For me, Stephen King's best stuff is based on simpler concepts. Thinner was my favorite. Good character development and plot escalation. I have bad taste though. I guess I latch onto something that seems more concrete. You prefer something blurry, I think, and I think that's another form of bad taste. You're probably less mainstream than I am.
THat's probably true. I do enjoy some mainstream stuff as well (I have varied tastes) but I can also range into the esoteric and ambiguous, and I tend not to like the straightforward as much because it doesn't engage my mind as much.

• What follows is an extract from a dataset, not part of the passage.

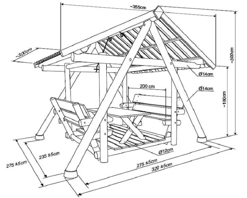- Полная высота – около 300 см, которая измеряется, начиная от основания беседки до конькового узла.
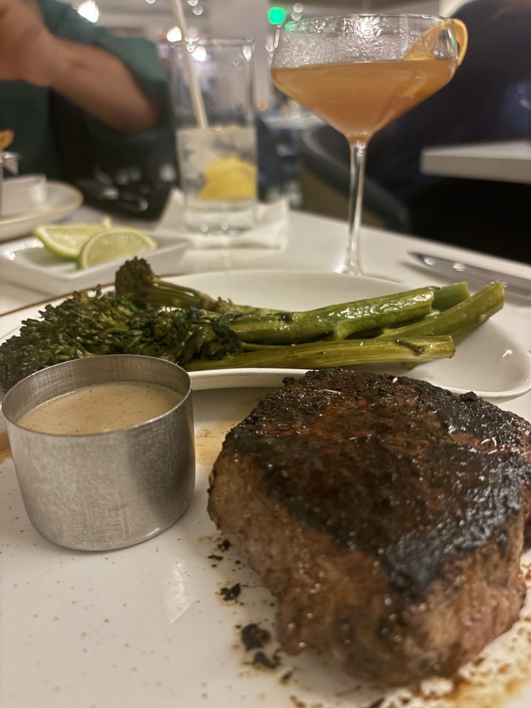 We started the meal with the Lump Crab Cakes, which were delicious. They came on some Old Bay Rémoulade, Corn Hash, and House-made Saltine Crackers, which was also delightful. It’s a decent size, just enough for my friend and I to split. Onto dinner, I got the top sirloin with broccolini as a side. The steak came with a sauce of your choice as well, I chose the Au Poivre sauce. I had asked for recommendations and was told this one was peppery, which I do like peppery. Honestly, the steak was very mid and I didn’t end up liking the sauce either. The broccolini was nothing exciting, but good.

I did not watch the movie "Thinner" because it just had horrible reviews and I didn't want to devote the time, but I did read the book. In fact, I think I have read everything he put out under Bachmann's name including "Blaze." There's also this thing where King is great on the page, but he seems to have terrible taste in making movies when he has been involved in movies. I remember enjoying Thinner (the book) although it was pretty straightforward; but I was only ever compelled to read it once. I think the Bachman stuff I loved the most was "The Long Walk" and "The Running Man" (the latter of which is completely UNLIKE the Schwartzenegger vehicle). THe Running Man, I think he wrote on a drug-induced high over a 72 hour period; it's all pretty much plot; but I think it was awesome mostly due to the pathos involved, and the desperation. The Long Walk is more like my thing, it's kind of offbeat and weird and a bit dystopian, and it's in essence a character study + an experiment of what happens when you stick a bunch of people in a crappy situation where only one will leave alive.

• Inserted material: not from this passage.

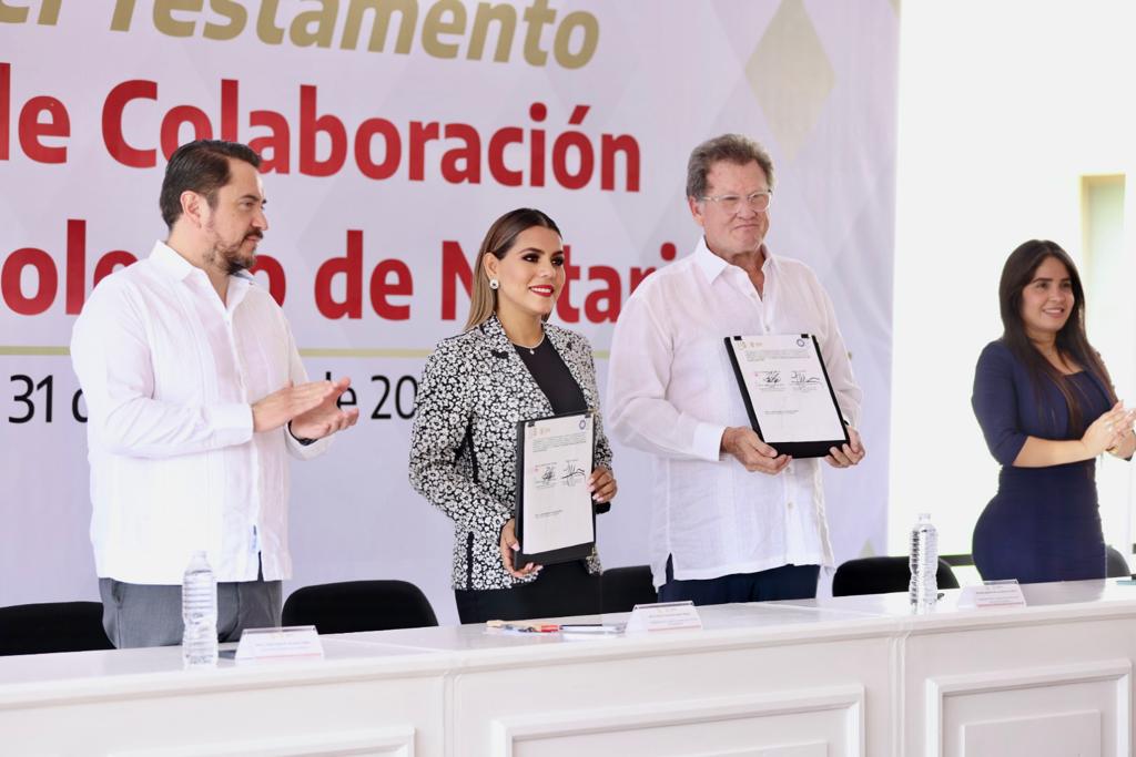 Chilpancingo Gro., 1 de septiembre. – La gobernadora Evelyn Salgado firmó un convenio de colaboración con el Colegio de Notarios del estado para dar inicio a la jornada de “Septiembre Mes del Testamento”, con el beneficio social de reducir a una cuota mínima de 500 pesos el costo de este trámite para las y los adultos mayores, con el objetivo de tener certidumbre y seguridad jurídica en la herencia de sus bienes y mantener la unión familiar.

AS far as his regular books, one book of his I love that many do not is The Tommyknockers. I like the quirky elements of transformation, people losing their humanity as they become something else, and the whole story of a loser trying to make up for his crappy life by doing something right by the one person in the world he cares about, as well as humanity. But it's a quirky book. Otherwise I tend to like his early stuff best, up to about 1990. Then it becomes hit or miss for me. [I like some of the Gunslinger stuff... mainly books 1, 2, 4, and 7.) Another quirky book of his I liked was Pet Sematery (however it is spelled). It's another "plot driven" book but it's really tight thematically -- there's nothing in it that is not tied to the theme of "a doctor who is compelled to save lives, tempted to use dark forces to return life when he can't live with death." Fast read.
Basically King seems to have two approaches to books -- either he has something that is pretty tight and straightforward plotwise, everything is anchored in plot (these tend to be shorter books), or else he writes these absolute monstrosities of books where he is just enjoying writing about the characters and throwing in lots of stuff to "make it interesting" that can feel like huge tangents. SOmetimes that latter approach makes for interesting reading, sometimes it just makes a hell of a long book where you wonder why the editor did not do his job.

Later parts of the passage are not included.